The code is attached below. I want to know the reason why the code speed decreases.

using LinearAlgebra
using StatsBase
using Statistics
using Random
using Plots
using RandomMatrices

function main()
    theta = 1.39
    #println(theta)
    Nk = 800
    Nr = 500
    ps = 3
    sum_z = zeros(Nk,1)
    sum_zlog = zeros(Nk,1)
    sum_s = zeros(Nk,1)
    sum_slog = zeros(Nk,1)
    for i in 1:Nr
        Npool = Int(floor(10^(ps)))
        pool = zeros(Npool, 1)
        pool[:,1] .= 0.5

        pool_sample = zeros(Npool,1)

        z_list = zeros(Nk,1) 

        s_list = zeros(Nk,1) 

        z_log_list = zeros(Nk,1)

        s_log_list = zeros(Nk,1)

        Kup= [cos(theta) 0; 0 sin(theta)]
        Kdown = [sin(theta) 0; 0 cos(theta)]
        
        P2up = kron([1. 0.;0. 1.], [1 0; 0 0])
        P2down = kron([1 0;0 1],[0 0;0 1])

        h = Haar(2)
        for k in 1:Nk
            poolcount  =0
            while poolcount < Npool
                z1 = pool[rand(1:Npool),1]
                rho1 = diagm(0=>[z1,1-z1])

                z2 = pool[rand(1:Npool),1]
                rho2 = diagm(0=>[z2,1-z2])

                u1 = rand(h,2)
                u2 = rand(h,2)

                K1up = u1*Kup*u1'
                K1down = u1*Kdown*u1'
                
                K2up = u2*Kup*u2'
                K2down = u2*Kdown*u2'

                rho1p = K1up*rho1*K1up'
                rho2p = K2up*rho2*K2up'

                p1 = real(tr(rho1p+rho1p'))/2
                p2 = real(tr(rho2p+rho2p'))/2

          
                rho1p = (rho1p+rho1p')/(2*p1)
            
                    
                rho2p = (rho2p+rho2p')/(2*p2)
             

                rho = kron(rho1p,rho2p)

                U = rand(h,4)
                
                rho_p = P2up*U*rho*U'*P2up'
                
                p = real(tr(rho_p+rho_p'))/2

             
                temp =(rho_p+rho_p')/2
                rho_f = [tr(temp[1:2,1:2]) tr(temp[1:2,3:4]);tr(temp[3:4,1:2]) tr(temp[3:4,3:4])]/(p)
             
                    
              
                rho_f = (rho_f+rho_f')/2
                t = abs(tr(rho_f*rho_f))
                z = (1-t)/(1+sqrt(2*t-1))
                if abs(z)>0
                    poolcount = poolcount+1
                    pool_sample[poolcount,1] = abs(z)
                end
            end

            pool = copy(pool_sample)

            pool_sample[:,1] .= 0


            z_log_list[k,1] = mean(log.(pool),dims =1)[1]

            s_log_list[k,1] = std(log.(pool),dims = 1)[1]/sqrt(Npool)

            z_list[k,1] = mean(pool,dims =1)[1]

            s_list[k,1] = std(pool,dims = 1)[1]/sqrt(Npool)


        end

        sum_z += z_list
        sum_zlog += z_log_list
        sum_s += s_list.^2
        sum_slog += s_log_list.^2
    end
    return vec(sum_z)/Nr, sqrt.(vec(sum_s))/Nr,vec(sum_zlog)/Nr, sqrt.(vec(sum_slog))/Nr

end

@time z0,s0, z1,s1 = main();

Hm, this is quite a big kernel.
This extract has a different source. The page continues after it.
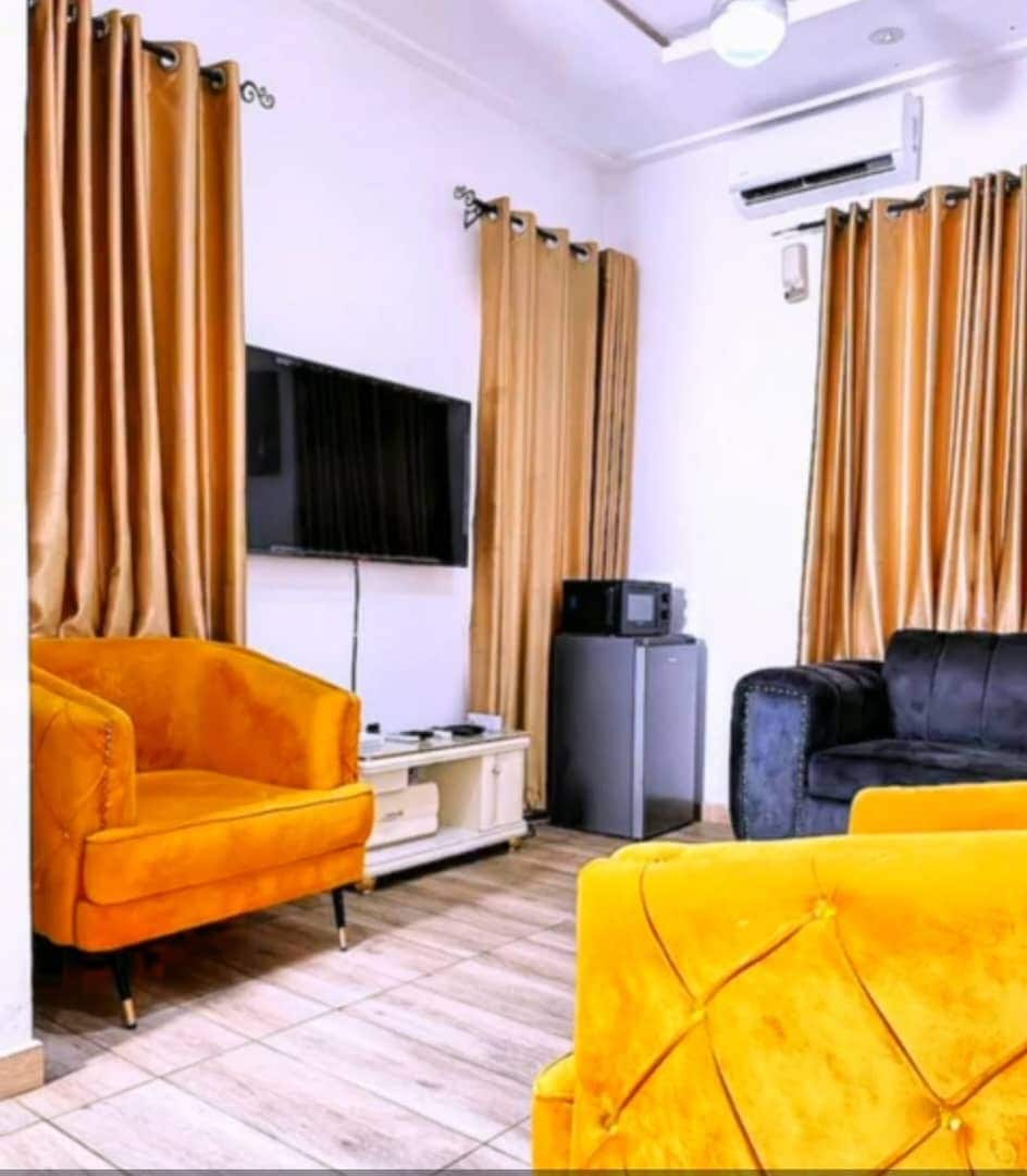 * Ubicado en el centro de una finca cerrada. * Electricidad las 24 horas * Internet de fibra óptica * Sala de estar amueblada contemporánea con un sofá de cuero. * Lavadora * Televisores inteligentes de pantalla grande, Netflix, DSTV, reproductor de CD/DVD * 2 dormitorios y 2 baños en suite con Smart TV en la habitación. * Totalmente climatizado * Cocina totalmente equipada * Baños de baldosas con calentador de agua y ducha presurizada * A 3 minutos del centro comercial/Shop-rite de la ciudad de Ikeja. * A 10 minutos del aeropuerto local y a 15 minutos del aeropuerto internacional * Limpieza de la casa

I tried running it with

    Nk = 80
    Nr = 1

through Juno profiler and here is what I see

So where should we start optimizing this?

1 Like

Hi sorry I have very limited coding background. I think the part which takes some of the time is generating random matrices. I guess my question is that why when I change Nr from 100 to 500, the speed decreases a lot. (The total time with Nr =500 is much larger than 5 times that with Nr = 100). Thanks.

Hi, I have very limited background in your domain. From a cursory glance I’d hope this could improve your program (wondering why this isn’t mentioned in the documentation)?

A basic issue is that you are allocating tons of little matrices over and over, and so at some point it will start spending all of its time doing garbage collection.

The solution is to (a) allocate arrays like pool once and re-use and (b) use StaticArrays for all of your little 2x2 and 4x4 matrices, since those are fixed sizes that you can tell the compiler to exploit.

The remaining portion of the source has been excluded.